Le maréchal Wilhelm Keitel signe les conditions de capitulation

<i>Comment fut signée la capitulation </i>

Comment fut signée la capitulation

Le maréchal Wilhelm Keitel signe les conditions de capitulation

Le maréchal Wilhelm Keitel signe les conditions de capitulation

Date de création : 7 mai 1945

Date représentée : 7 mai 1945

Titre complet : Le maréchal Wilhelm Keitel signe les conditions de capitulation ratifiées pour l'armée allemande au quartier général russe à Berlin.

Domaine : Photographies

Domaine public, CC0 National Archives and Records Administration (NARA)

Lien vers l'image

  • Le maréchal Wilhelm Keitel signe les conditions de capitulation

Les Armistices de mai 1945

Date de publication : Décembre 2025

Auteur : Alexandre SUMPF

Le jour V est arrivé 

Les 7 et 8 mai 1945, l’armée de Hitler, qui s’est suicidé une semaine plus tôt, accepte enfin de rendre les armes. La reddition sans conditions de la Wehrmacht, de la Luftwaffe et de la Kriegsmarine fait l’objet d’une couverture médiatique à la mesure de ce moment tant attendu. Le film d’actualités américain tourné dans toute l’Europe entre le 4 et le 9 mai montre à plusieurs reprises des photographes figeant la scène au moyen de grands flashes. Ces images font le tour du monde : elles apparaissent en France dans le périodique d’obédience communiste Regards, dès le 15 mai. Parmi les auteurs des clichés pris le 7 mai dans la salle de guerre du quartier général suprême, à Reims, se trouvent plusieurs militaires, dont le sergent Albert Meserlin (1920-2009), photographe personnel du général Eisenhower, et Ralph Morse (1917-2014), le plus jeune correspondant de guerre du magazine Life

À Berlin le lendemain soir, sur ordre de Staline, le maréchal Keitel doit signer à son tour la reddition devant le maréchal soviétique Joukov (1), à l’heure fixée pour la fin des combats (23h01). Ce sont donc des Soviétiques qui immortalisent ce qui est considéré aujourd’hui comme la fin du conflit. On ne sait pas exactement qui est l’auteur du cliché, car trois photographes étaient présents. Evguéni Khaldeï (1917-1997), le plus connu d’entre eux, est l’auteur d’images iconiques comme le drapeau rouge sur le Reichstag. Mark Redkine (1908-1987) a par deux fois écarté du champ la casquette de Keitel malgré ses protestations. Timofeï Melnik (1911-1985) a privilégié les gros plans de soldats, écrivant des graffitis sur les murs du Reichstag ou s’embrassant près la colonne de la victoire du Tiergarten. Ivan Chaguine (1904-1982) a photographié la soldate régulant le trafic devant la Porte de Brandebourg. 
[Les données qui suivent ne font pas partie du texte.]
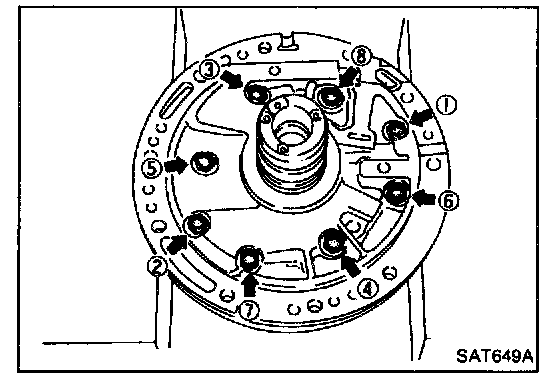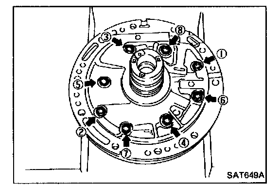 1. Loosen bolts in numerical order and remove oil pump cover.

Les clichés réalisés à Reims et à Berlin, moins spectaculaires et moins émouvants que bien des images publiées depuis 1941, constituent un fait d’armes glorieux pour ces survivants de la guerre de l’information en Europe.

Bis repetita 

Le jeu d’aller et retour opéré par le montage du film américain fait le parallèle entre la scène de Reims, dans la nuit du 7 mai, et celle de Berlin (Karlshorst) dans celle du 8 mai. Des hauts gradés allemands, la tête basse, avancent comme vers l’échafaud, pour s’asseoir à une table où ils n’ont rien d’autre à faire que signer l’acte de reddition. C’est l’unique ordre donné par le grand amiral Dönitz, désigné comme successeur par Hitler. L’isolement de ces hauts gradés est total – on ne voit aucun soldat allemand à l’horizon, même leurs chauffeurs sont étrangers ; ils se déplacent sous la contrainte sur un territoire hier encore occupé et exploité, désormais perdu ; ils sont encerclés par une nuée d’ennemis militaires et civils ; ils font face sans leurs alliés, déjà vaincus, aux représentants de quatre puissances triomphantes. 

À Reims, comme le décrit avec précision le schéma établi par la rédaction de Regards, le général Jodl, l'amiral von Friedenburg et le major Wilhelm Oxenius doivent se soumettre devant le général François Sevez, représentant du général Alphonse Juin, chef d'état-major français, l'amiral britannique Sir Harold Burrough, commandant en chef des forces expéditionnaires navales alliées, le major général Ivan Sousloparov, représentant de l’U.R.S.S. Le général Walter Bedell-Smith, chef d'état-major du S.H.A.E.F. (2) signe l’acte de capitulation au nom des Alliés, puis Sousloparov le fait au nom de l'Armée rouge, Sevez le contresigne… en qualité de témoin. Enfin, Alfred Jodl accepte la défaite au nom des forces armées du Troisième Reich. À l’issue de la conférence de presse Eisenhower présentera à la presse les stylos employés en les disposant en forme de V. 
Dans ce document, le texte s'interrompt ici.